Bessie Lee Williams, by and through her attorney, filed an attachment proceeding against J. C. Williams alleging that he is a non-resident of the State of Georgia, whose whereabouts are unknown to plaintiff and that defendant is indebted to plaintiff in the sum of $6,750, which is rent on certain real property that had been occupied by defendant.
On May 30, 1983, the trial court ordered that a writ of attachment issue, the order stating that it appeared to the trial court that defendant has left the State of Georgia and his whereabouts are unknown. The writ of attachment was issued on May 31, 1983, and executed on June 1, 1983, certain property of the defendant being levied upon by the sheriff.

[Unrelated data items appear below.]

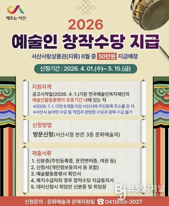 신청 기간은 4월 1일부터 5월 15일까지며, 서산시 문화예술과에 방문 신청하면 된다.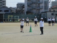 ティーバッティングの練習です。あてるのは難しいですが,ボールをとらえる感覚をつか...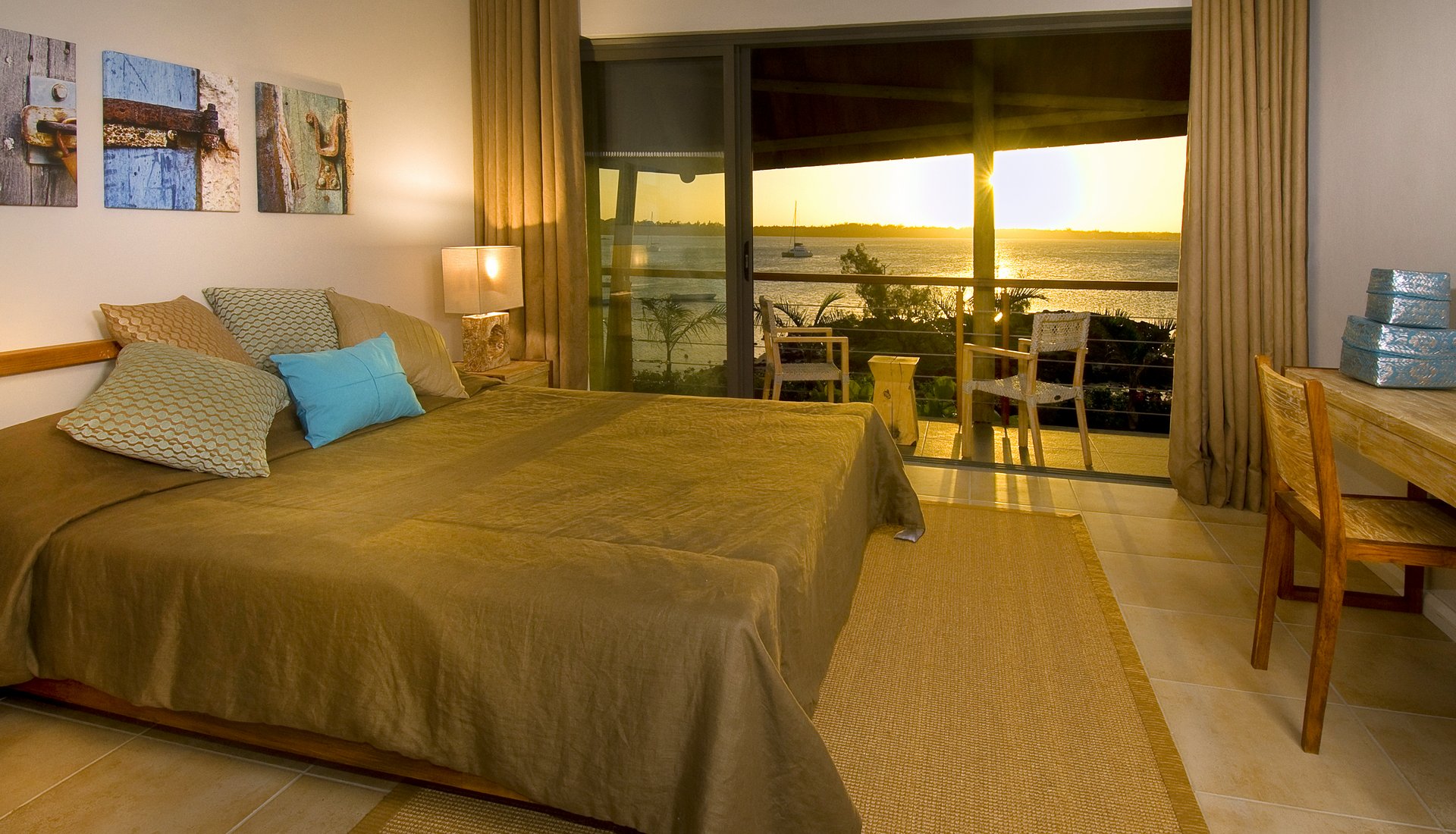 These beautiful waterfront villas in Kalodyne on the north coast of Mauritius offer the right balance. Simplicity and luxury. Tranquillity and activities. With a unique location at the end of a small islet peninsula only a stone’s throw from the local fishing village of Grand Gaube, the fully furnished villas provide a secluded natural setting for the perfect holiday escape. The ground floor veranda and first floor balcony offer spectacular panoramic views of the lagoon, overlooking the majestic Coin de Mire and other offshore islands. Relax in your own biodesign pool and enjoy breath taking sunsets at the end of each day. We look forward to welcoming you to Baladirou soon and making your experience on these sunny shores a memorable one.

On July 18, 1983, defendant filed his traverse and the matter was set for hearing on August 4, 1983. On August 25, 1983, an order was filed (nunc pro tunc to August 4, 1983) denying plaintiff's application for attachment and providing that the defendant's property levied upon is free from any lien by virtue of plaintiff's attachment. Plaintiff appeals. Held:
Plaintiff's brief addresses only the issue of whether plaintiff's affidavit (as sworn to by her attorney) has satisfied the requirements of OCGA 18-3-9
and focuses upon whether any deficiency in plaintiff's affidavit arises because it is sworn to by plaintiff's attorney as opposed to plaintiff personally. Prior to its amendment by Ga. L. 1980, pp. 1065, 1066, Code Ann. 8-109 (Ga. L. 1968, p. 1013), predecessor of OCGA 18-3-9
, specifically provided for the party seeking the attachment, his agent or his attorney at law making the affidavit. The language enacted in 1980 and presently set forth in OCGA 18-3-9
does not specifically indicate whether the plaintiff's attorney rather than plaintiff may sign the affidavit.
While the suggestion that plaintiff's attorney may not sign the affidavit for attachment would appear to be inconsistent with the provisions of OCGA 18-3-19
(1), we do not reach a resolution of this issue. The record before us contains no indication as to whether this issue was germane to the trial court's decision.
Defendant's traverse (of plaintiff's affidavit) filed on July 18, 1983, was authorized by the provisions of OCGA 18-3-15
. Defendant's traverse averred that he was not indebted to plaintiff and that plaintiff's attorney did not conduct a diligent search to ascertain defendant's whereabouts, defendant having left a change of address with the local post office by which he received forwarded mail at his address in Florida. The record also contains a notice of defense counsel's intent to bring the traverse on for hearing before the trial court on August 4, 1983, and a subpoena requiring plaintiff's presence at that time.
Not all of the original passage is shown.